'Skyscraper curse' stalks $3.6B Seoul tower's builder

Visitors are silhouetted as they take photographs from the glass-bottomed observation deck at the Lotte Corp. World Tower in Seoul, South Korea, earlier this month.
Visitors are silhouetted as they take photographs from the glass-bottomed observation deck at the Lotte Corp. World Tower in Seoul, South Korea, earlier this month.

The glass-bottomed observation deck sitting 118 stories up in the Seoul, South Korea, sky isn't for the faint of heart. That condition would apply to the tower's builder, the Lotte Group, as well.

After almost seven years of planning and $3.6 billion in spending, the conglomerate is preparing to unwrap its Lotte World Tower to the public. The building boasts some record-setting amenities: highest glass floor at the top of a building and highest swimming pool.

Yet the debut couldn't come at a worse time for Lotte, the family-owned conglomerate with $81 billion in revenue that may be the latest victim of what's called the "skyscraper curse." The empire's 94-year-old founder and three of his children face corruption charges, and its stores are at the epicenter of Chinese consumer retaliation for a U.S. missile-defense system being installed on land it donated.

"Lotte is kind of the perfect storm in terms of vulnerability," said Andrew Gilholm, Shanghai-based principal and director of analysis for Greater China and North Asia with Control Risks. "They're in sectors that are very exposed."

And that's more bad news for South Korea, which is being pummeled by concurrent political and economic crises. Park Geun-hye was impeached as president over a corruption scandal that has produced about 40 indictments, and she was questioned by prosecutors last week for the first time after losing her immunity.

The investigation ensnared Jay Y. Lee, de facto head of the country's biggest conglomerate, Samsung Group. The billionaire was jailed after being indicted on corruption charges.

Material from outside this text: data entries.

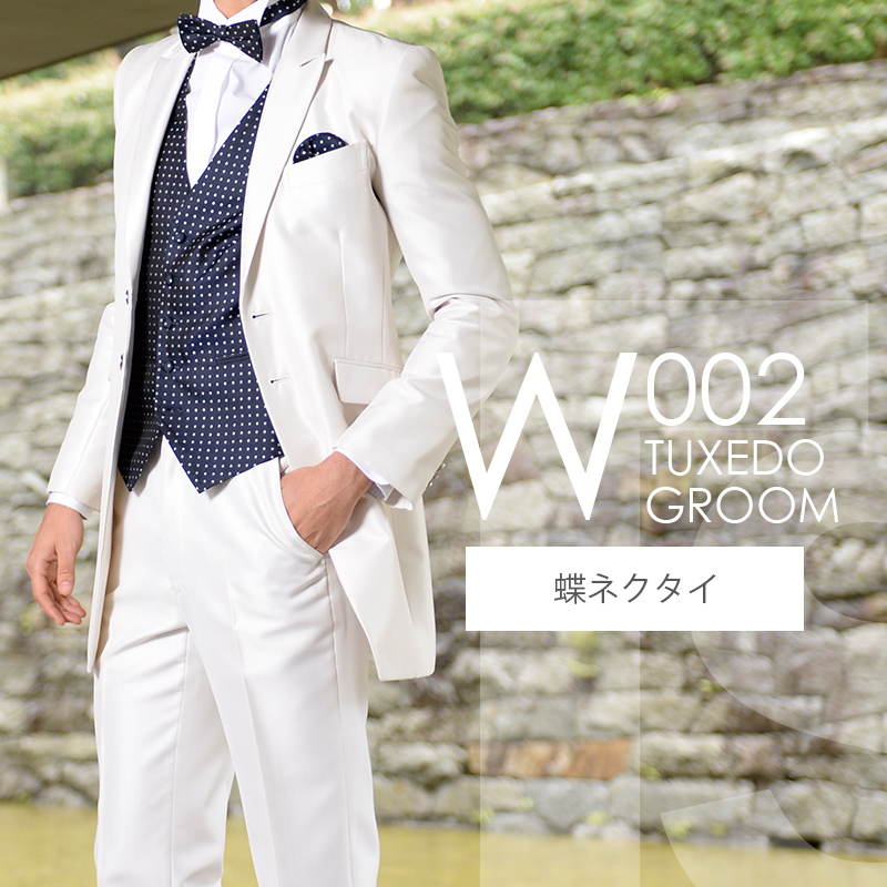 オフホワイト ロングタキシード W002【蝶ネクタイ】レンタルセット9点 選べるベスト・タイ・チーフ ◆4泊5日 往復送料無料 お直し可能◆
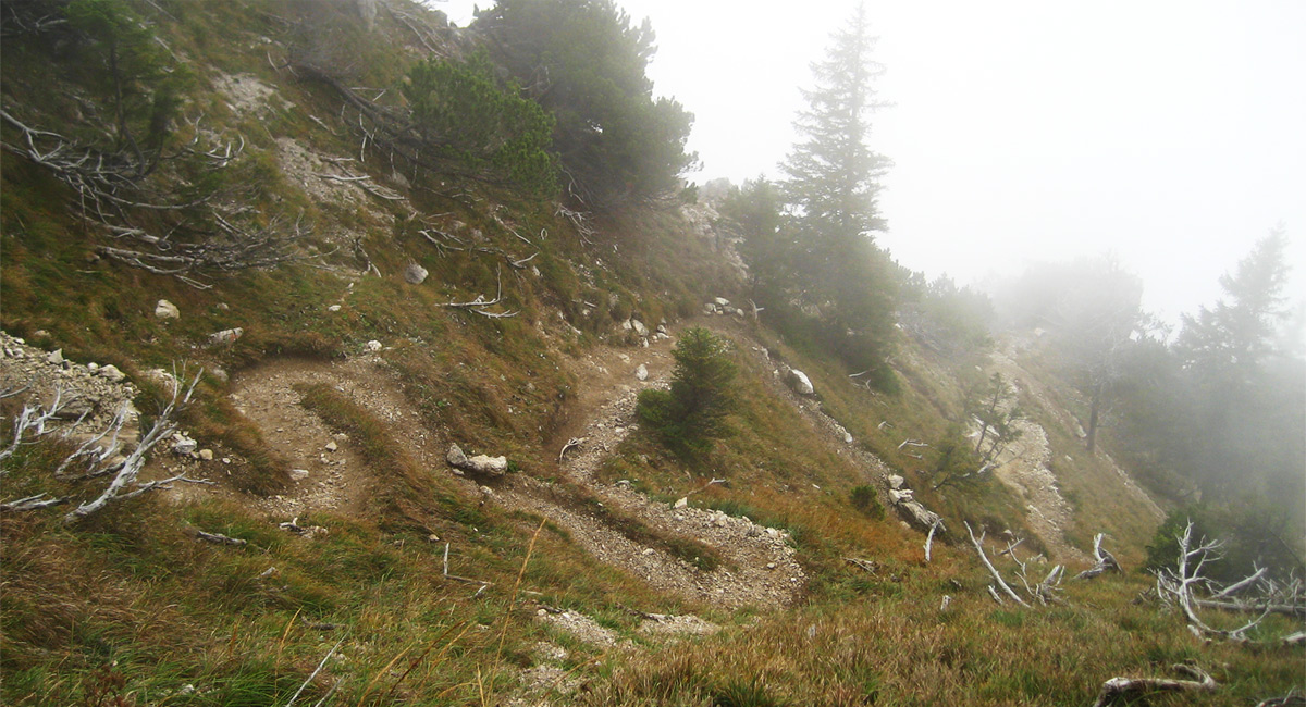 idyllisch schlängelt sich der Steig von Tannheim (Berg) kommend über die Südflanke hinauf zum Einstein
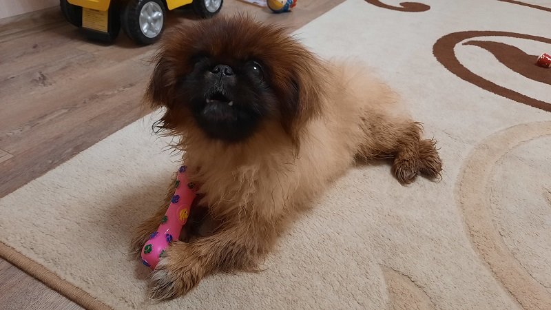 Сходили семьёй в магазин. Ваня сразу присмотрел игрушку для пекинеса Дендика. Вот и купили. Всем хорошо. Собака с игрушкой и Ваня рад, что сам выбрал подарок для Дендика.
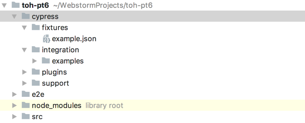 This command not only installs the Cypress node package but also creates a “cypress” directory in our Angular project. Within that directory we find examples for fixtures and tests amongst other stuff. The “integration” directory is the one wherein we write our tests later.
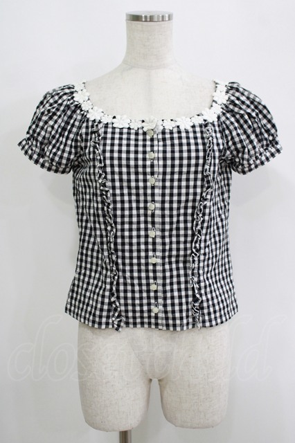 MILK / ギンガムパフブラウス ブラック H-25-09-12-055-ML-BL-KB-ZH
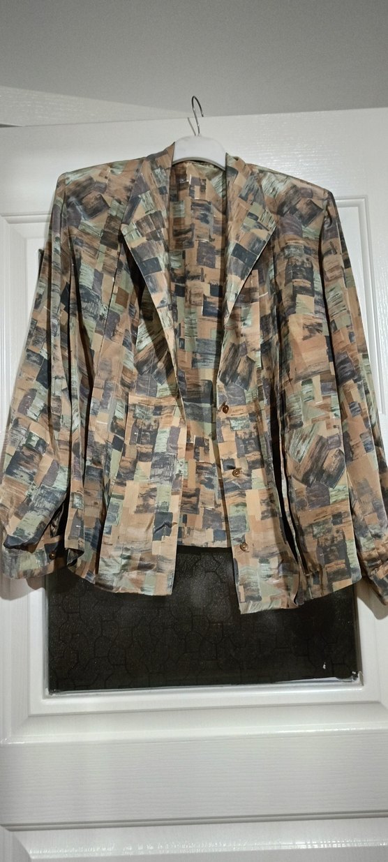 Vintega saten Düğmeli Kamuflaj Desenli Uzun Kadın Gömlek

He has denied wrongdoing.

What was once the country's biggest container shipping company, Hanjin Shipping Co., declared bankruptcy last year, and Daewoo Shipbuilding & Marine Engineering Co., the world's biggest maker of ships, announced March 15 its fourth straight annual loss.

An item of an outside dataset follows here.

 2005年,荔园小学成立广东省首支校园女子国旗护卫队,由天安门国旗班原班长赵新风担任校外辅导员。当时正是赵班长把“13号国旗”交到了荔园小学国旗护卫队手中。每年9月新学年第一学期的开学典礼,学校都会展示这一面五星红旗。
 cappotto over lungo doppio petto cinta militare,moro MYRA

"Korea is definitely facing a lot of difficulties at home and abroad," said Emily Dabbs, economist with Moody's Analytics in Sydney. "Over the next year, we are going to see a low-growth environment."

Record-setting skyscrapers and economic hard times are no strangers, said Andrew Lawrence, Hong Kong-based founder of Oculus Research Asia and creator of the Skyscraper Index.

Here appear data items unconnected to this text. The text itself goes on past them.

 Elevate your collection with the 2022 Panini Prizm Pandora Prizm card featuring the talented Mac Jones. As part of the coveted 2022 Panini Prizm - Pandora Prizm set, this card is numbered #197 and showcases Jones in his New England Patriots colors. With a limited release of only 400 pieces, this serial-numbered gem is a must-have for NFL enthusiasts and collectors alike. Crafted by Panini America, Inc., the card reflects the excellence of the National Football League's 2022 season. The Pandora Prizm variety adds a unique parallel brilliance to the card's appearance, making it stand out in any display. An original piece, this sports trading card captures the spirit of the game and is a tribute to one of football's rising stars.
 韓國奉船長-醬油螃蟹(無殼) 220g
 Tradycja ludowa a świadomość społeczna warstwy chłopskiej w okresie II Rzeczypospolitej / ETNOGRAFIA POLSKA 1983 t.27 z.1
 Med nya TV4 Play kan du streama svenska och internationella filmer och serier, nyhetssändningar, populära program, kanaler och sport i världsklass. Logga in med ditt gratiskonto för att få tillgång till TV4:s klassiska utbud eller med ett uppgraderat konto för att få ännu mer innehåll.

New York's Empire State Building debuted in 1931 during the Great Depression; work on Malaysia's Petronas Towers finished during the Asian financial crisis of the late 1990s; and Dubai's Burj Khalifa opened in 2010 as the property market there collapsed.

"Most of the skyscrapers are conceived in the up-cycle and completed in the recession, putting significant pressure on the companies that have built them," said Lawrence, who proposed the index for buildings of record height in 1999.

The relationship between skyscrapers and recessions has been named the "skyscraper curse" by Mark Thornton, senior fellow at the Mises Institute in Auburn, Ala. Lotte's 123-story tower got a taste of that misfortune last week, when the conglomerate said the scheduled Wednesday opening of the observation deck would be delayed until at least April 3 after an elevator malfunction.

Lotte faces other troubles too. The group's chairman, Shin Dong-bin, and three other family members went on trial last Monday on charges ranging from embezzlement to fiduciary breaches amounting to about $249 million.

The defendants include the group's founder, Shin Kyuk-ho, who first proposed the Lotte World Tower about 30 years ago. The family members deny the charges.

The group's then-vice chairman, Lee In-won, was found dead in August, just hours before he was scheduled to be questioned by prosecutors investigating allegations of slush funds, embezzlement and tax evasion at the group.

The court set a hearing Monday for Shin Dong-bin and Lotte executives in the trial, which may last months before a verdict is reached. A hearing date for other family members will be set later.

As the legal troubles grind on, South Korea's government is trying to help. The trade minister raised the issue of China's retaliation against the tourism and retail sectors with the World Trade Organization, Kang Myung-soo, director-general of the Trade Ministry's trade cooperation bureau, said by text message last Monday.

Still, the economic repercussions could get worse in the short term since Lotte and other Korean companies have limited ability to resist Chinese pressure. China says the missile shield called Thaad will break the regional strategic balance and wants it withdrawn.

"There's more to come," Gilholm said. "China's position is very, very clear, and they haven't gotten what they want."

Information for this article was contributed by Jiyeun Lee of Bloomberg News.